In this case we started looking at our caching code and the Memcached pool. There were no graphs or alerts that showed anything odd. In our case each Memcached instance was configured to use 4Gb of memory but only 1Gb of memory was being used according to Memcached’s internal bytes statistic. The large number of requests pointed to an empty cache, but nothing in the code indicated what could be causing it. So we ran a few tests and found some troubling results.
>> Rails.cache.write("phil_test_key", JSON.parse(result.http_response.body), :expires_in => 1.day)
=> true
>> 100.times do |i|
?> break if Rails.cache.read("phil_test_key", :raw => true).nil?
>> puts "#{i} seconds"
>> sleep 1
>> end
0 seconds
1 seconds
...
12 seconds
13 seconds
=> nil
The object we were storing after parsing the JSON and marshalling was roughly 28K. When we decreased the size of the object to 25K the problem disappeared. When we increased the size to 33K the problem disappeared. The quick and dirty solution therefore was to add 5K of junk data to the service response which solved our problem for the moment. But this exposed a misunderstanding on how Memcached was working behind the scenes and a problem with how we were monitoring our caching infrastructure.
I knew our clients used hashed key names to determine which Memcached server to store the value in. But to me Memcached was just a big non-persistent key-value store with expirations. For me and most of my coworkers we treated Memcached like the following figure.
[Figure 1: Memcached Naive Understanding ]
How Memcached actually works is more complex than that, and once we understood the mechanics underneath it quickly highlighted our problem. There are three key components that one needs to understand in order to grasp the issue:
- Pages: By default 1 page == 1Mb of Memcached memory. Pages are available for allocation to slabs but once they have been allocated to a slab they can't be allocated to another slab later.
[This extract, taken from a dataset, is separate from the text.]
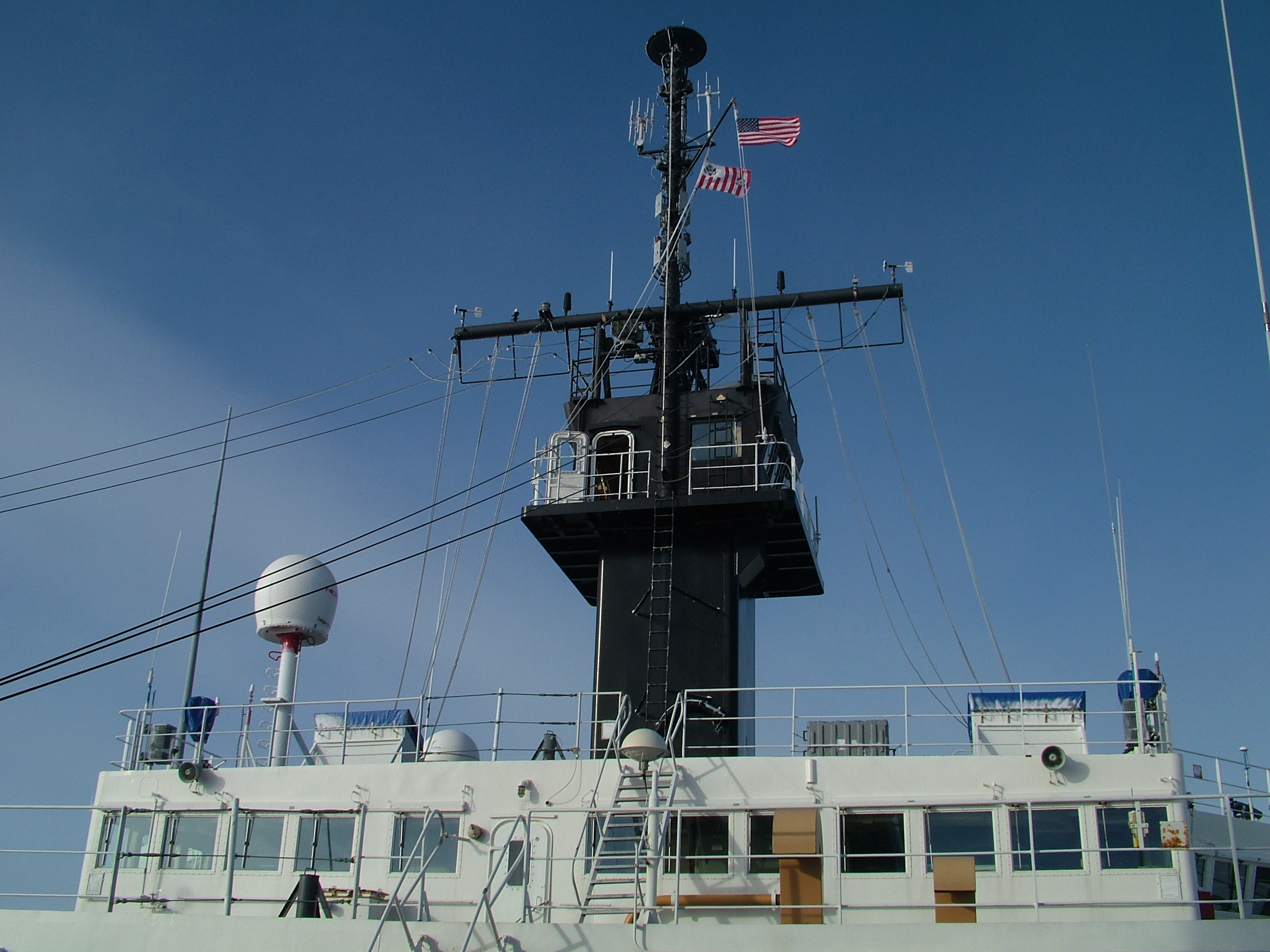 A view of the super structure of the USCG icebreaker Healy.

- Slabs: Each page is assigned to a slab class. A slab class has a range of data-sizes that it's responsible for storing. For example if I have some data that's 28K in size it would be stored within a slab that handles data sizes between 25K and 33K. (Exact Sizes Dependent on Configuration)
- Chunks: Each individual value is stored within a single chunk. A single slab is made up of these chunks. If 28K of data is stored in a chunk within the slab that handles data up to 33K in size, the remaining 5K is wasted.
In the figure below we show a Memcached host configured to run with 8 Mb of memory, and of which 2 Mb has already been allocated.
[ Figure 2: Memcached Host and Page Allocation ]
The figure below represents a single page which has been assigned to a slab. Within it are allocated chunks which each contain some data.
[ Figure 3: A Single Allocated Page with Allocated Chunks ]
The figure below represents a single chunk.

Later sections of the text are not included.